• [TASK BRIEF]:
Below are some entries. Count the lines where "which" appears and state only that number.

• [MATERIAL SHOWN]:
━━━━━━━━━━━━━━━━━━━━━━━━━━━━━━

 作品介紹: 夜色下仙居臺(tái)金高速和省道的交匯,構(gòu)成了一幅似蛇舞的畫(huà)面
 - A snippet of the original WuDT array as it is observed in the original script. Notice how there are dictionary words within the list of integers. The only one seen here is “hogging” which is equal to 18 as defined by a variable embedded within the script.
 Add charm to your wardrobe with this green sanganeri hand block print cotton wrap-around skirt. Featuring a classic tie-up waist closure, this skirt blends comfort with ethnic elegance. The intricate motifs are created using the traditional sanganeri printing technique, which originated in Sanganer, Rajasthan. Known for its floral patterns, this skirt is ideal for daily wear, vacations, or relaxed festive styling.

━━━━━━━━━━━━━━━━━━━━━━━━━━━━━━

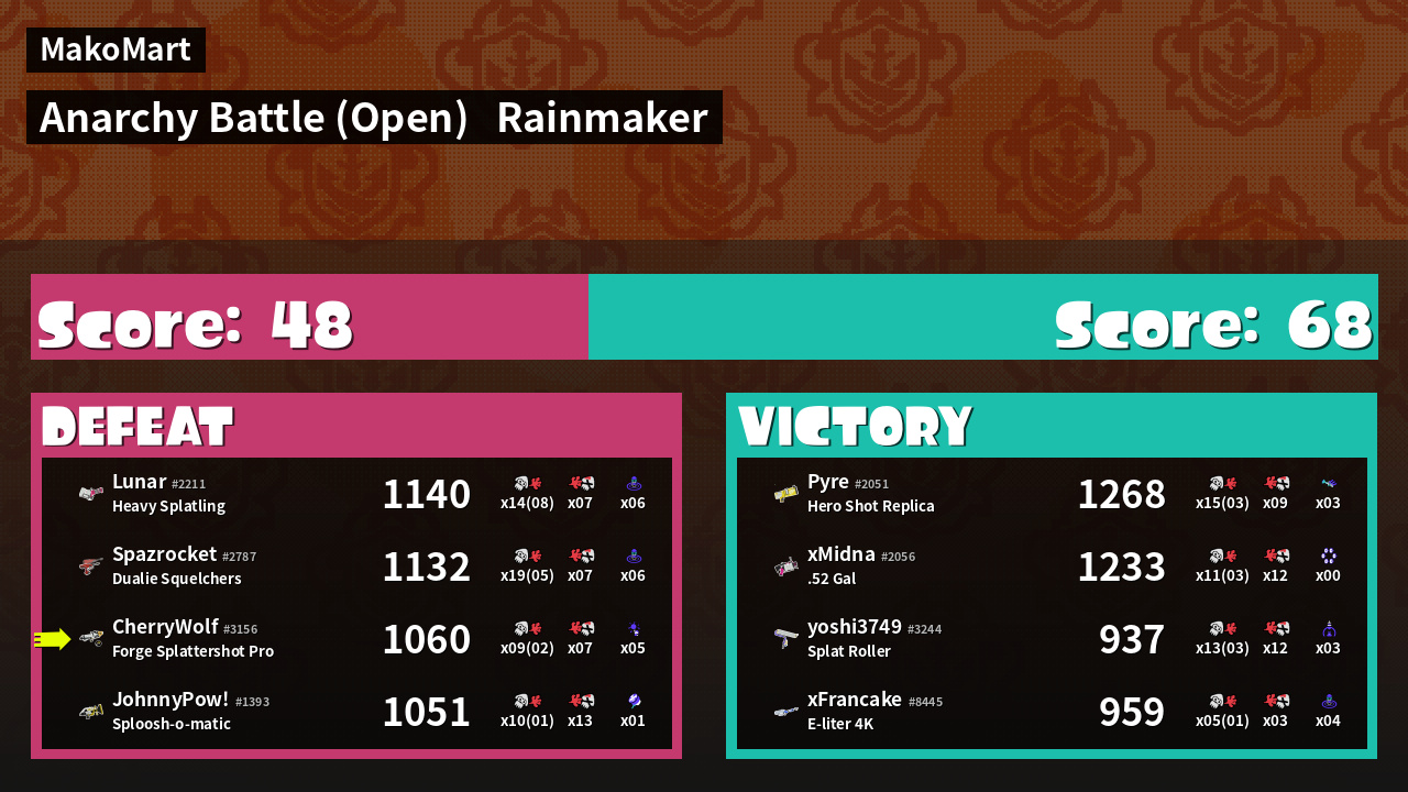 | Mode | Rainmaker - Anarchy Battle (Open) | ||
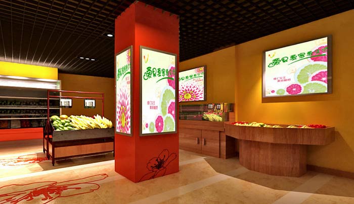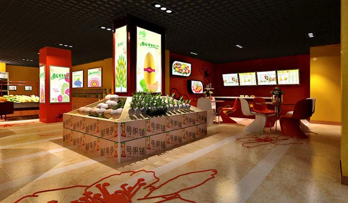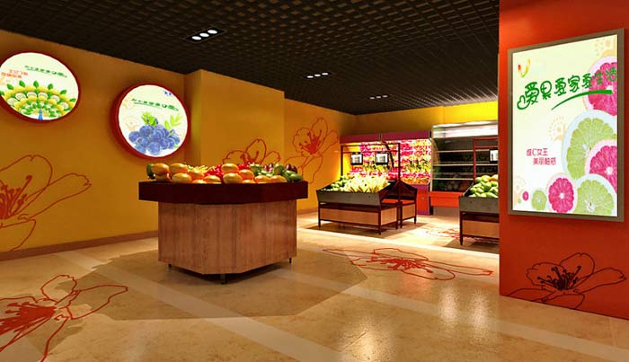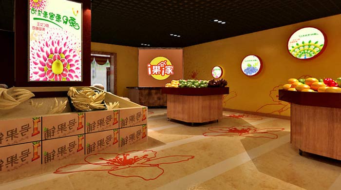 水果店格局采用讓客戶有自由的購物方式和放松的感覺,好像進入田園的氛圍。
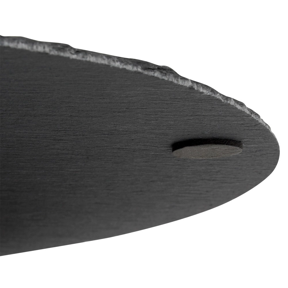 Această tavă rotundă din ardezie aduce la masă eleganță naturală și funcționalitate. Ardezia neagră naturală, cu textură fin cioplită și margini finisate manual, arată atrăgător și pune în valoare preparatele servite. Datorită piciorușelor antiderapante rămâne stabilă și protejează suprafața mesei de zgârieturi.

━━━━━━━━━━━━━━━━━━━━━━━━━━━━━━

• [RESPONSE]:
2